Any “significant” result here is a false positive — there is no real relationship. This is why multiple testing corrections matter.

Visualization: Callback Rates by Name Type and Resume Quality

rate_by_quality <- resumes |>
  group_by(name_type, resume_quality) |>
  summarize(callback_rate = mean(callback == "Yes"), .groups = "drop")

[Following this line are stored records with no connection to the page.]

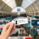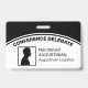 Crachá de identificação com foto moderno e elegante para CONGRESSO, mostrando um modelo de foto que é PERSONALIZÁVEL, para que você possa substituí-lo por uma foto ou logotipo de mesmo formato. O título curvo e o nome e texto da empresa são todos personalizáveis para que você adicione seus próprios detalhes. No verso, há texto opcional. Disponível em outras cores.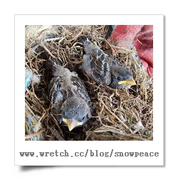 早上屋主夫婦在整理庭院, 發現露台下的橫樑築了一個鳥巢, 取出來看見裏面竟有兩只剛長了翅膀卻不會飛的小小鳥!!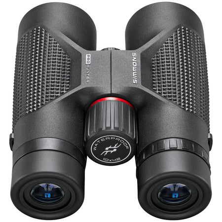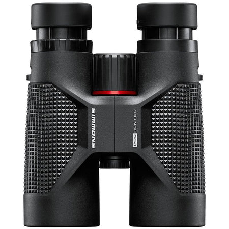 The all-new Simmons Pro Hunter Binoculars are built with an all-glass optical system providing crisp images in low lighting conditions with fully coated lenses and IPX7 waterproof and fog-proof construction giving you peace of mind in the outdoors. An aggressive rugged design with textured grip zones keep these binoculars securely in your hands. The Pro Hunter binoculars also feature a tripod adapter lug and include a convenient soft-sided carry case, neoprene neck strap, rubber lens covers and lens cleaning cloth.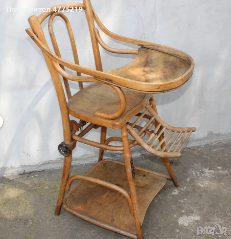 Уникално винтидж детско столче трансформер – комбинира стол и масичка в едно.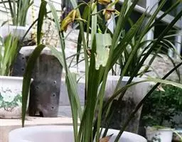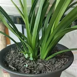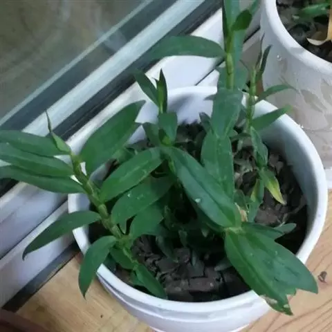 种植:植株只有1-2丛的可栽于盆的正中,盆栽多丛的应把每丛的老株朝向盆中,新株朝盆缘,以提高新株的发芽率和生长发展空间。种植时将最粗植料放入盆内直至盆高度的15%,放入兰株后,要布匀根群,谨防兰根折伤,慢慢填入细植料直至盆高的95%,拍摇,使细植料与兰根紧密结合,细植料在兰盆中的高度约90%,使于浇灌,兰株基(假鳞茎)半裸露于盆面,使其更有机会获得自然光照和新鲜空气。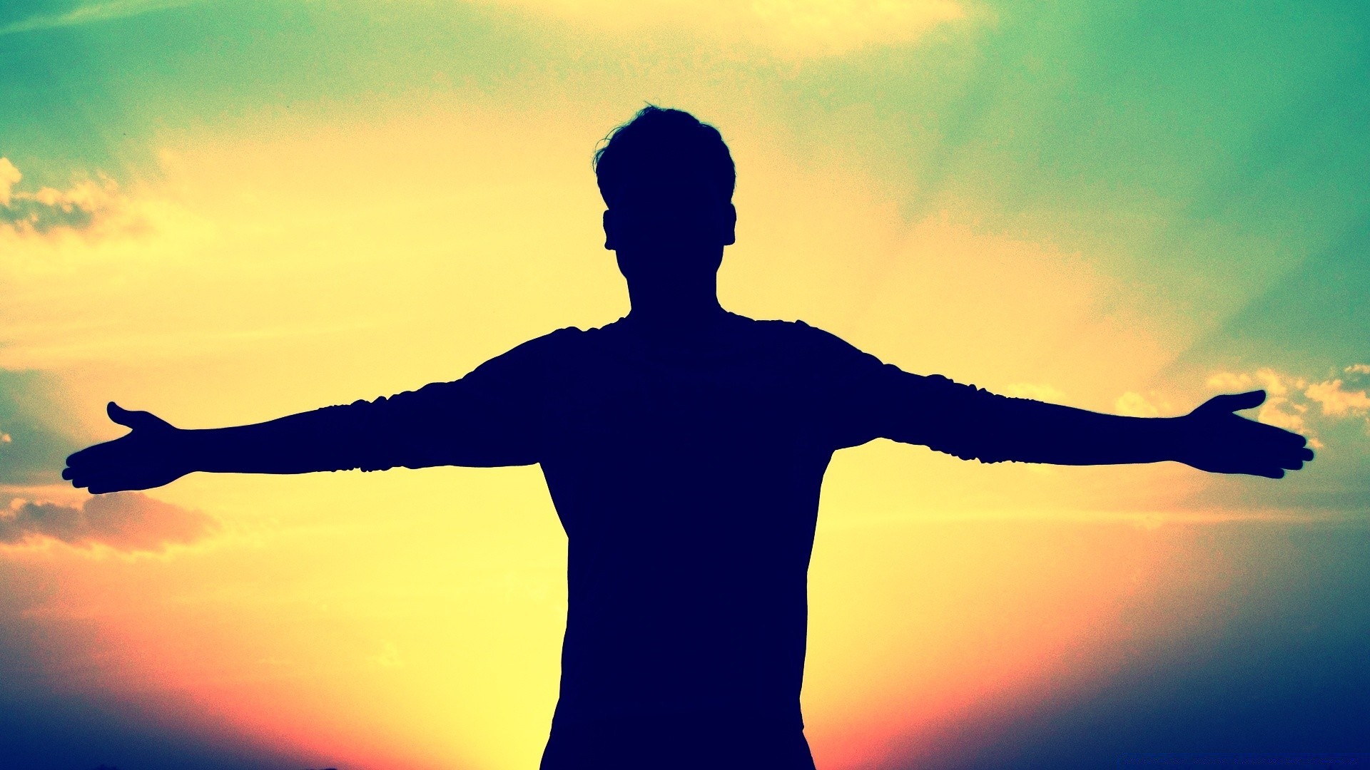 Silhouette maschile nero su uno sfondo di cielo con Tramonto illuminato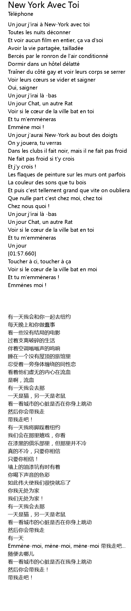 | [00:12.330] | Un jour j' irai à NewYork avec toi |
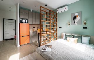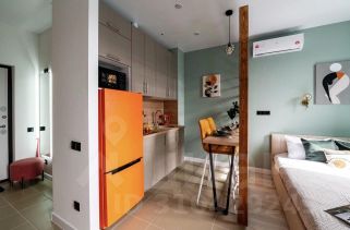Пространство студии грамотно и функционально зонировано для комфортной жизни - выделены зона кухни с барной стойкой, зоны отдыха и работы, зона спальни, совмещённый санузел.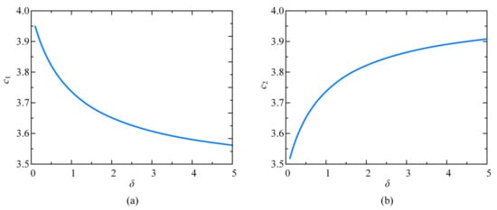 Variation in c1 and c2 with beam-to-column line stiffness ratio. ((a) Relationship between c1 and δ; (b) Relationship between c2 and δ).

ggplot(rate_by_quality, aes(x = resume_quality, y = callback_rate,
                            fill = name_type)) +
  geom_col(position = "dodge", width = 0.7) +
  scale_fill_moe() +
  scale_y_continuous(labels = scales::percent_format()) +
  labs(
    title = "Callback Rates by Name Type and Resume Quality",
    subtitle = "The gap persists across both quality levels",
    x = "Resume Quality",
    y = "Callback Rate",
    fill = "Name Type"
  ) +
  theme_moe()

Figure 2: Callback rates by name type and resume quality

The discrimination gap is visible at both quality levels. Higher-quality resumes get more callbacks overall, but the disparity between name types persists.

Try It Yourself

Does callback rate differ by gender? Use prop.test() or chisq.test() to test whether callback rates differ between male and female applicants. What do you find? Does gender discrimination appear in these data?
How common are false positives? Run the p-hacking simulation 100 times (each time testing 20 random variables). In what fraction of the 100 runs do you find at least one “significant” result? The theoretical answer is \(1 - (1 - 0.05)^{20} \approx 0.64\). Does your simulation match?